Польский король Стефан Баторий.
Сочетание в личности Ивана очень разных качеств поражало уже его современников. Пытаясь ответить на вопрос, как мог «муж чюдного рассуждения» без всякой жалости подвергать своих подданных зверским пыткам и казням, некоторые современники, а за ними – историки, пытались разделить царствование Ивана IV на два этапа: «светлый» и «темный». Такой линии придерживался князь Андрей Курбский, который был сначала другом Ивана, потом – его злейшим врагом. Так смотрел на события выдающийся русский историк Н. М. Карамзин (1766-1826).

В средине XIX – начале XX вв. исследователи активно искали объективные, лежащие вне личности царя, причины, побудившие его вести жестокую политику, устанавливать деление страны на «опричнину» и «земщину», жестоко расправляться со вчерашними соратниками. Среди особо точных наблюдений следует назвать выводы С. М. Соловьева (1820-1879), показавшего, что стремление царя к сильной, самодержавной власти было продолжением линии, начатой его предками. «Иоанн IV не был понят (исследователями – Авт.), - подчеркивал он, - потому что был отделен от отца, деда и прадедов своих» [ 1 ].

Еще одно, очень точное, хотя и горькое, наблюдение высказал почти одновременно с Соловьевым писатель А. Н. Толстой в заключении к роману «Князь Серебряный»: «Простим грешной тени Иоанна, ибо не он один несет ответственность за свое царствование; не он один создал свой произвол, и пытки, и казни, и наушничество, вошедшее в обязанность и обычай. Эти возмутительные явления были подготовлены предыдущими временами, и земля, упавшая так низко, что могла смотреть на них без негодования, сама создала и усовершенствовала Иоанна…» [ 2 ].
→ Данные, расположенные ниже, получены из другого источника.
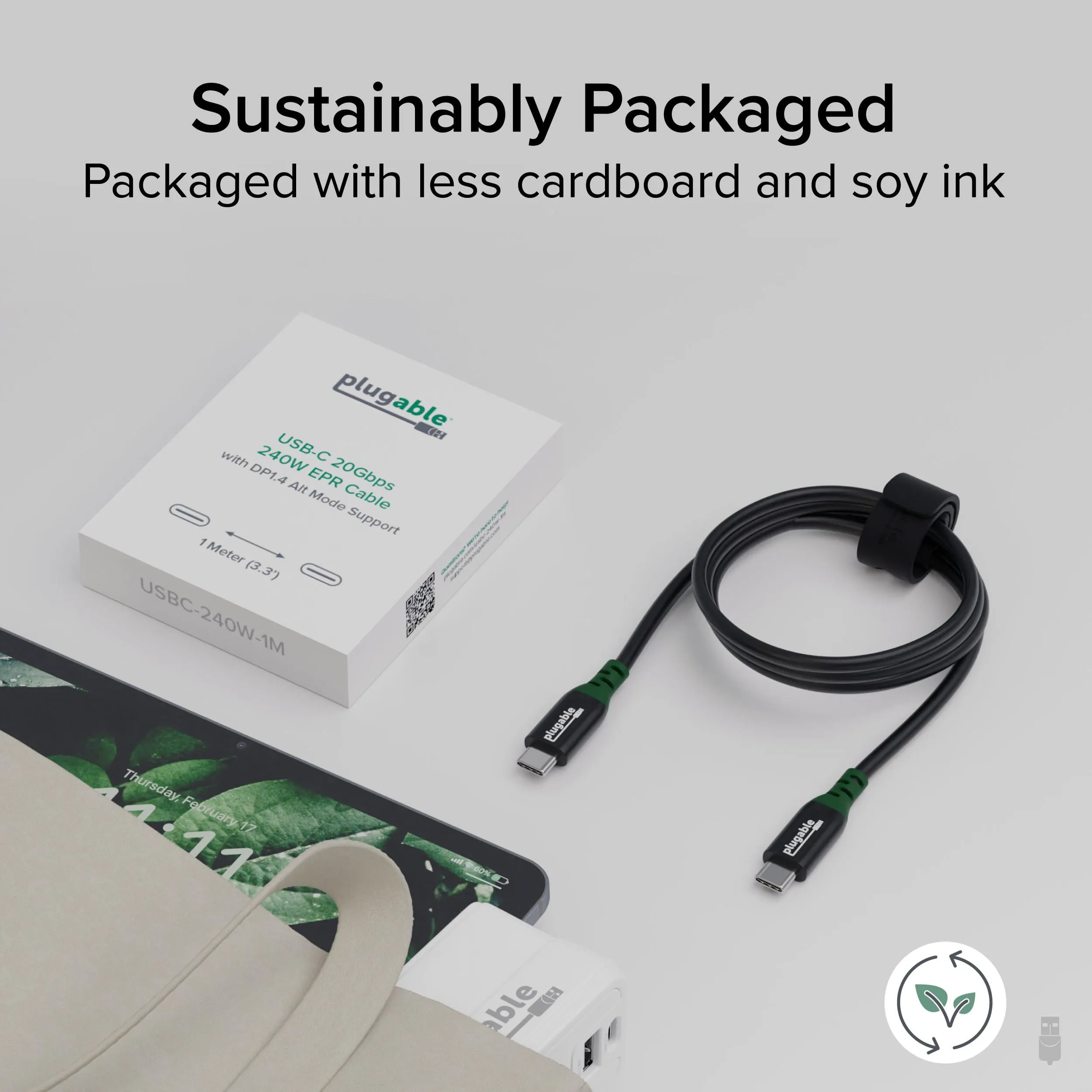 The Plugable USB-C 240W EPR Cable is designed to provide efficient power delivery and high-speed data transfer. With up to 240W of power output, this cable is perfect for charging laptops, tablets, and other USB-C devices quickly and efficiently.

Не секрет, что фигура Ивана Грозного вызывала интерес и симпатию у И. В. Сталина, которому явно импонировали и жестокость государя, и его стремление к сильной личной власти. Впрочем, вождь трудового народа» находил у царя определенные недостатки: склонность к неоправданной рeфлексии и… недостаток рвения в уничтожении врагов (!). В 1947 г. И. В. Сталин говорил кинорежиссеру Сергею Эйзенштейну: «…Иван Грозный кого-нибудь казнил и потом долго каялся и молился. Бог ему в этом деле мешал. Нужно было быть еще решительнее». Сам недоучившийся семинарист от подобных «пережитков», конечно, не страдал.

В соответствии с мнением «вождя», в исторической науке в 1930-50-е годы развернулась настоящая компания по возвеличиванию Ивана Грозного. Различные авторы на разные лады повторяли тезис, что государь верно «понимал интересы и нужды своего народа», тогда как врагами его было лишь «реакционное боярство» [ 3 ]. Немалую лепту в создание образа «великого и мудрого» государя внесли также мастера художественного слова и кинематографии [ 4 ].

Лишь очень немногие авторы нашли в себе силы не присоединиться к общему хору. Среди них выдающийся историк С. Б. Веселовский (1876-1952), который первым попытался отойти от идеализированного образа царя и убедительно показал, что Иван IV боролся за усиление личной власти, как таковой.

Однако государь и государство – не есть одно и то же, как, тем более, не есть одно и то же государство и населяющий его народ.

Разумеется, в рамках данной статьи невозможен даже краткий рассказ обо всех трактовках личности и деятельности Ивана IV, присутствующих в науке и художественных произведениях. Однако стоит отметить, что ошибки царя зачастую имели страшные последствия именно потому, что принадлежали правителю, твердо убежденному в своем праве распоряжаться жизнью подданных, «жаловать и казнить» их, ни перед кем не отчитываясь [ 5 ]. В этом состоит величайший порок авторитаризма, даже если отказаться от его сугубо нравственных оценок.

«Охочие вольны люди»

Справедливости ради необходимо заметить, что в 1550-е гг. Иваном IV был предпринят целый ряд успешных преобразований, в том числе в военной сфере. Были установлены четкие правила, определявшие «качество и количество» той военной службы, которую несла знать, в зависимости от ее земельных владений. С каждых 100 четвертей «добрые угожей земли» (около 170 га) полагалось выставить одного вооруженного конника. Соответственно, землевладелец шел на службу сам (с первых 100 четвертей) и приводил отряд большей или меньшей численности из зависимых от него людей («холопов»).

Конное дворянское ополчение составляло основу русской армии времен Ивана IV. Однако в европейских армиях того времени все большую роль играла вооруженная огнестрельным оружием пехота. Мушкеты и аркебузы XVI в. были тяжелыми, процесс их зарядки занимал гораздо больше времени, чем выстрел из лука, но зато пуля пробивала любые латы. С распространением «огнестрельной» пехоты начался быстрый закат тяжелой рыцарской конницы [ 6 ].

Иван IV мог не знать деталей отдельных европейских кампаний, но общую тенденцию он уловил вполне верно. Поэтому по инициативе царя в России началось создание стрелецкого войска. В стрельцы могли поступать «охочие вольны люди», за службу им платили жалование частично деньгами, частично хлебом. Вооружение стрельца состояло из ручной пищали, сабли и бердыша – топора на длинной рукояти. Помимо участия в войнах, стрельцы выполняли также полицейские функции: охраняли правительственные учреждения и ценные грузы, стерегли заключенных и др.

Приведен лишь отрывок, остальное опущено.